[Atlas] Consolidate duplicate wiki_page artifact rows

← All Specs

[Atlas] Consolidate duplicate wiki_page artifact rows

Problem

artifacts has two rows for nearly every wiki_page slug:

  • wiki-<slug> (canonical — receives 2.65M+ artifact_links references)
  • <slug> (orphan — created by a v1_polymorphic_backfill script)

State:
  • 17,470 slugs with BOTH rows (paired duplicates)
  • 1,179 slugs with only wiki-<slug> (some are dangling — no wiki_pages row)
  • 322 slugs with only <slug> (needs canonicalisation)
  • 18,971 distinct slugs total

The duplication causes the artifacts gallery to render mixed-form links, splits comment threads, and inflates artifact counts.
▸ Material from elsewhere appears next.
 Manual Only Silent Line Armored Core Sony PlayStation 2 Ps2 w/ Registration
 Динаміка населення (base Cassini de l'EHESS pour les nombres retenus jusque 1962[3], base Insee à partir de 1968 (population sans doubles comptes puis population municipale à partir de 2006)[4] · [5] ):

Phase 1 (PR #1405) routed URLs correctly; this phase removes the orphan rows.

Audit-backed loss surface

Across 23 metadata columns on 17,470 paired rows, only title differs (466 pairs). All other fields on the unprefixed side are default (lifecycle='active', quality_score=0.5, all counters=0, all FKs NULL).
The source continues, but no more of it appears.